A mimetic system is a structure sustained by mimetic desire and the mimetic process.

The U.S. education and venture capital systems and almost every social media platform on the planet, are examples of mimetic systems of desire: mimetic desire sustains them. This kind of system has a motivational structure that keeps people trapped in deep mimetic grooves.

In the U.S. secondary schools, most students organize their energy around college application builders like their Grade Point Average, standardized test scores, and extracurricular activities. There is little mimetic validation in building one’s own business and delaying college, for instance. Indeed, most high schools have vicious metrics around 100% “college placement” which they use to fund-raise and shame any student who lowers the number—even if that student is making the best choice in their particular circumstances.

Moreover, as Peter Thiel has pointed out on Eric Weinstein’s podcast The Portal, most students have lost sight of the teleology, or purpose, of each stage of the education system.[i] When you’re in fifth grade, you know clearly that your goal is to get to sixth grade—and on and on, up through twelfth grade, at which point you’ve spent the past four years of your life preparing for something called “college,” along carefully defined lines (you probably even had a “college advisor” who advised you as to which schools you should apply for, based on your data.)

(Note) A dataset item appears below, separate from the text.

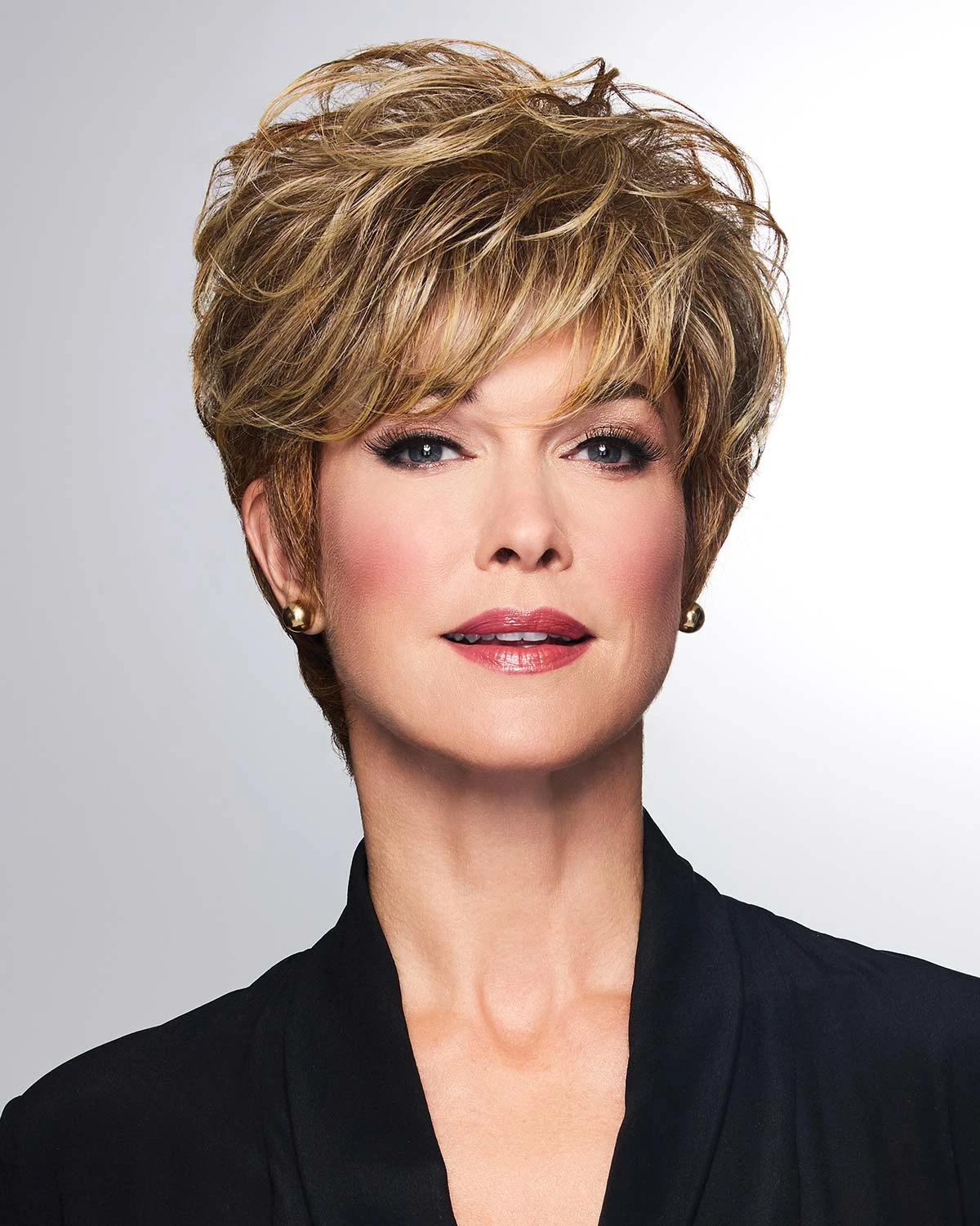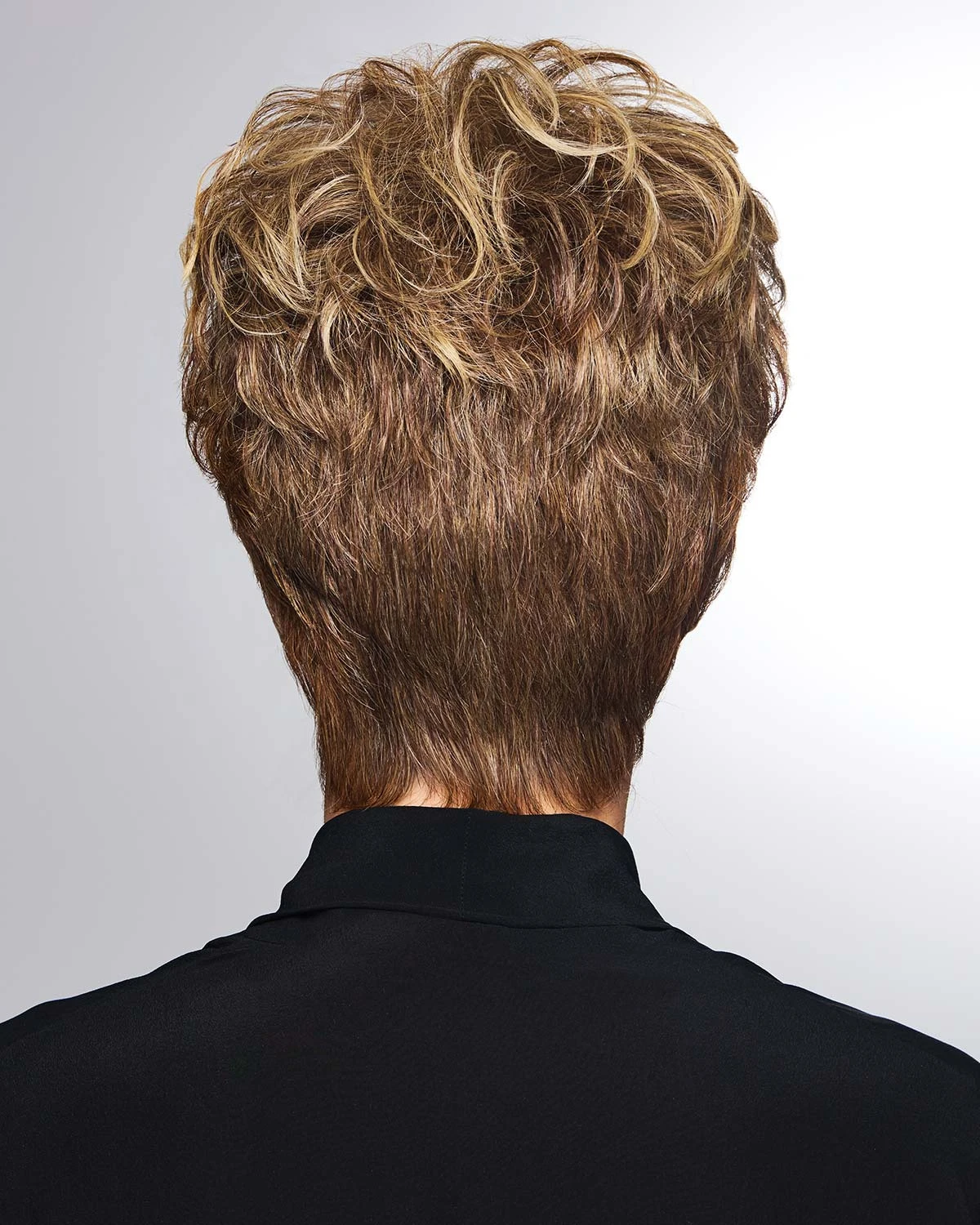 This contemporary tapered short cut features sides and nape that sit close to the head, and longer layers on top for lots of playful volumes. A sophisticated gentle wave throughout gives the overall style of modern texture and movement.

But college is where the teleology grows even less clear. Because current educational tracks are more of a mimetic system than a rational system, we’re not even framing the questions right. Instead of asking the question “Which college should you attend next year?” of high school seniors, some education entrepreneurs are re-framing the decision and asking, instead: “What’s the best way to spend this next year of your life, and to what end?” Which seems like a much better place to start.

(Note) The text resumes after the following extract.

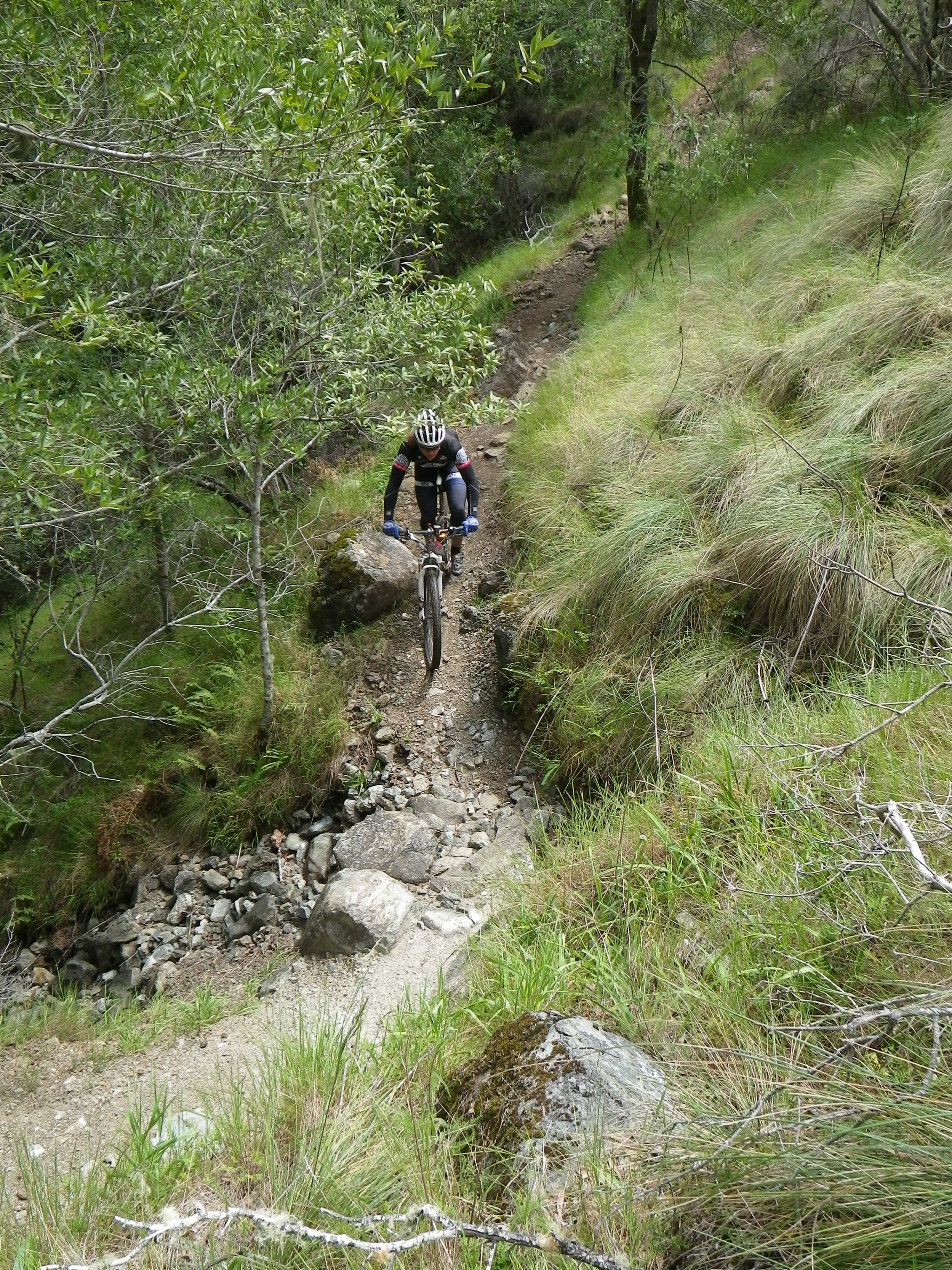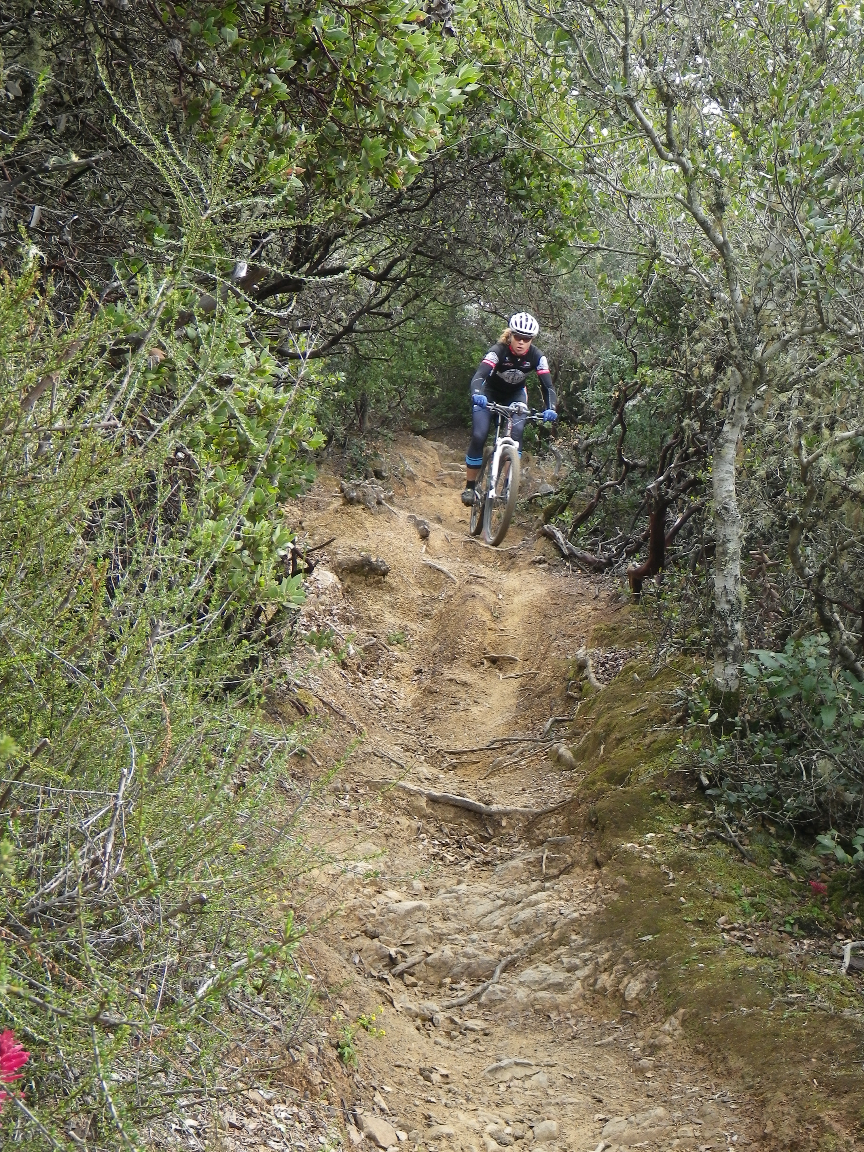 Who likes fire roads? Blech. But if you have to ride them, the 29er wheels get you over them fast. I don’t like fire road downhills, especially rutted, gravelly, baby head studded downhills. Here is where you want the full suspension, just point and go. With the hardtail you have to be a line picker to go fast, but I am working on that! So my downhill non-prowess is not to be blamed on the bike, she does it well for what she is. A smooth, stable, confidence inducing non-twitchy ride. She is more like a road bike on the fast fire roads, which is good for covering distance.

Venture capital firms also operate in a mimetic system. VC’s need extraordinary returns on their investments to justify their existence—they often seek investments that can return 10x the value of their investment in the company, or which will provide a sufficient return for the entire fund even if every other investment fails. Therefore they favor technology companies that can scale quickly—not food service companies that might grow impressively but only incrementally over twenty or thirty years. VC’s typically need to realize their return in 5-10 years max.

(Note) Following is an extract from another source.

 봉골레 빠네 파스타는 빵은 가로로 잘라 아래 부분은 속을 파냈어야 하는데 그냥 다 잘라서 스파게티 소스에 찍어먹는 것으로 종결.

This, in turn, increases the interest of entrepreneurs in tech startups (having a .com at the end of your name in the late 2000’s was a fool-proof way to raise significant money). A mimetic system takes shape. It’s important to realize that it’s not only due to economic incentives and financial returns—which no doubt factor in—but also due to mimetic incentives like the prestige, respect, and validation that comes with being financed by the right VC and, from a VC’s perspective, the headline grabbing companies and CEOs.

Social media platforms run on mimesis. Twitter encourages and measures imitation by showing how many times each post has been “retweeted.” People are more likely to use Facebook the more they are engaged with mimetic models and rivals whose posts they can track and comment on.

The greater the mimetic forces on a social media platform, the more people want to use it. If social media companies were to build-in more friction, or braking mechanisms for mimetic behavior, they would decrease user engagement and ultimately revenue. They have strong financial incentives to accelerate mimetic behavior. If two rivals are arguing back and forth on a social media platform, drawing others into the feud, it’s not hard to see who wins: the platform. Systems of desire positive and negative are everywhere. Prisons, monasteries, families, schools, and friend groups can all have them. And when a strong mimetic system is in place, it usually remains in place unless and until it gets disrupted by a stronger one.